**About this exercise**:
Your output should be the lines below from the one with "當前,小北河鎮的一些襪企不斷" through the one with "3月4日,北京2022年冬残奥会开幕式在北京国家体育场举行。图为场地中央的视频影像,全部由盲文构成。 中新社记者 杨华峰", copied exactly, pictures excluded.

**Information shown**:
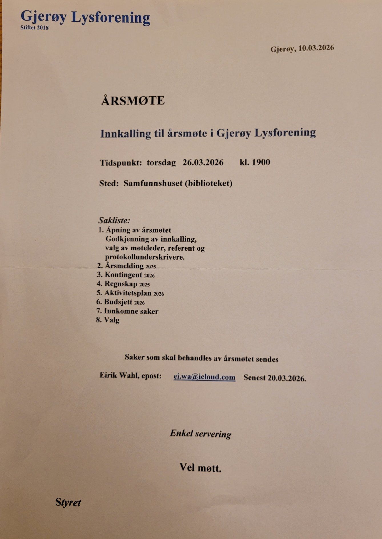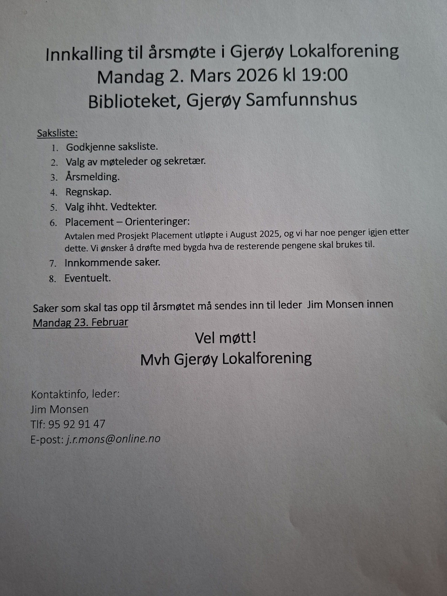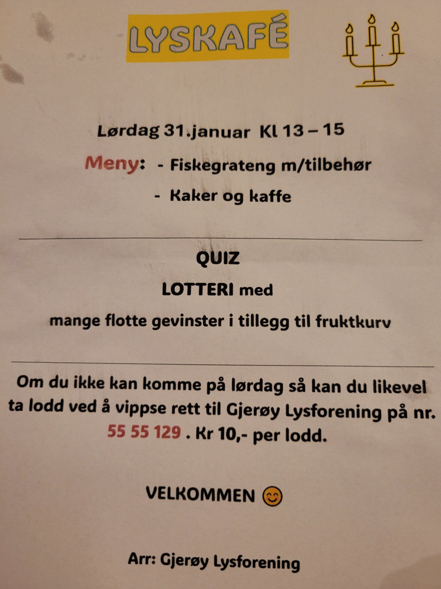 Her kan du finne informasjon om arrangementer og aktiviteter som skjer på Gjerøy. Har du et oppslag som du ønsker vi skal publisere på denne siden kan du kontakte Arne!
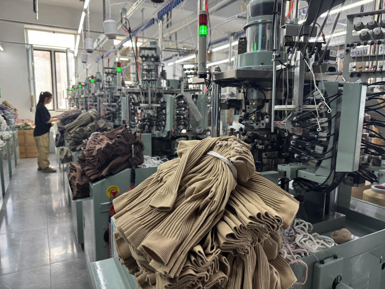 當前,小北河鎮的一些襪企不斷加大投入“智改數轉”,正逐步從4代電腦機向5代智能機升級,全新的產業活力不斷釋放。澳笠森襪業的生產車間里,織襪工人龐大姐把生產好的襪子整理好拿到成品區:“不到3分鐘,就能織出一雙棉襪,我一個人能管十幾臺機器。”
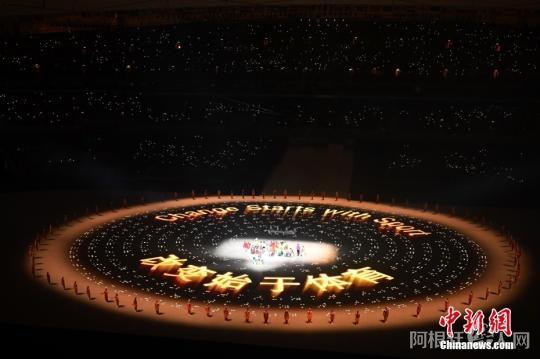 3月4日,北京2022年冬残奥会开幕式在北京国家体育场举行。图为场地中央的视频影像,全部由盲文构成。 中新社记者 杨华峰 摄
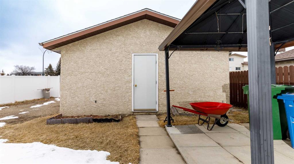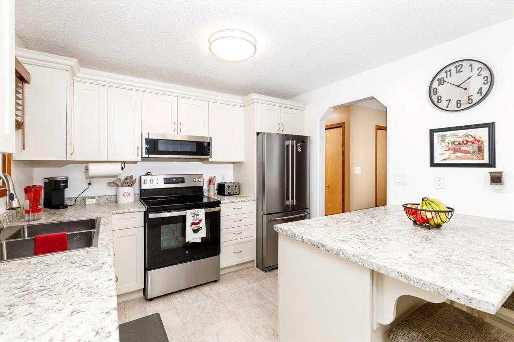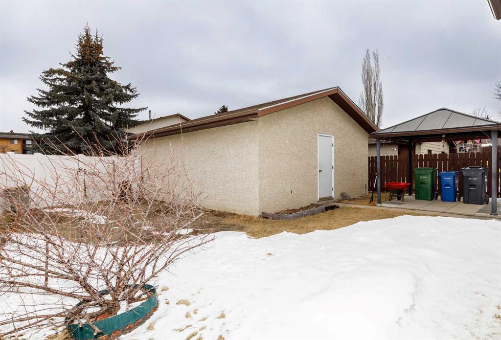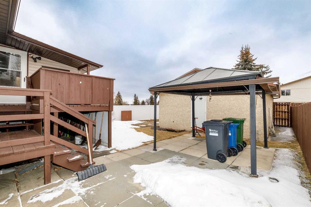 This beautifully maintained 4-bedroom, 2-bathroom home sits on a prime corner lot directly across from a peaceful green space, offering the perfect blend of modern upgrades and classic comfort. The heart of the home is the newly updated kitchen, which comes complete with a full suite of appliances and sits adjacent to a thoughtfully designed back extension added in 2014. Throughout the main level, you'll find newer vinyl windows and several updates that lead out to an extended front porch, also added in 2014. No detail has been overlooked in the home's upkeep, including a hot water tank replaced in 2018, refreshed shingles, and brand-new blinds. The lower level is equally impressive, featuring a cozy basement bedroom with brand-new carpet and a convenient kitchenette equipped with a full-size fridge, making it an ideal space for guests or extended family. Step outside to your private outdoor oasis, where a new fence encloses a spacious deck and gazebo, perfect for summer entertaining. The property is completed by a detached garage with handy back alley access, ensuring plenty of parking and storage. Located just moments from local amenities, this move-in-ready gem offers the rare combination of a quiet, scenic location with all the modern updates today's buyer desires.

--

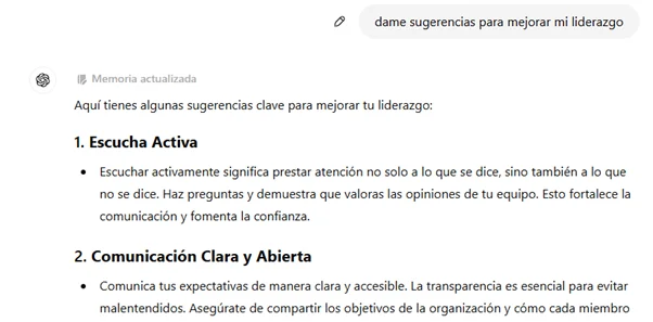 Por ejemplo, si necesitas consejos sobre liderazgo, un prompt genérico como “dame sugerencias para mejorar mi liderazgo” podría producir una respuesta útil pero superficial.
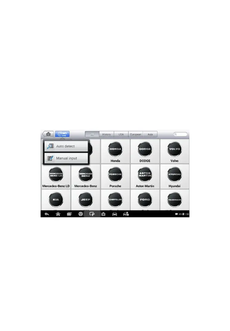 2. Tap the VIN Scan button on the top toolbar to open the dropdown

* * *

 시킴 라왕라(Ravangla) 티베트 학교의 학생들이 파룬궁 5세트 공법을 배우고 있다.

**Written response**:
 當前,小北河鎮的一些襪企不斷加大投入“智改數轉”,正逐步從4代電腦機向5代智能機升級,全新的產業活力不斷釋放。澳笠森襪業的生產車間里,織襪工人龐大姐把生產好的襪子整理好拿到成品區:“不到3分鐘,就能織出一雙棉襪,我一個人能管十幾臺機器。”
 3月4日,北京2022年冬残奥会开幕式在北京国家体育场举行。图为场地中央的视频影像,全部由盲文构成。 中新社记者 杨华峰 摄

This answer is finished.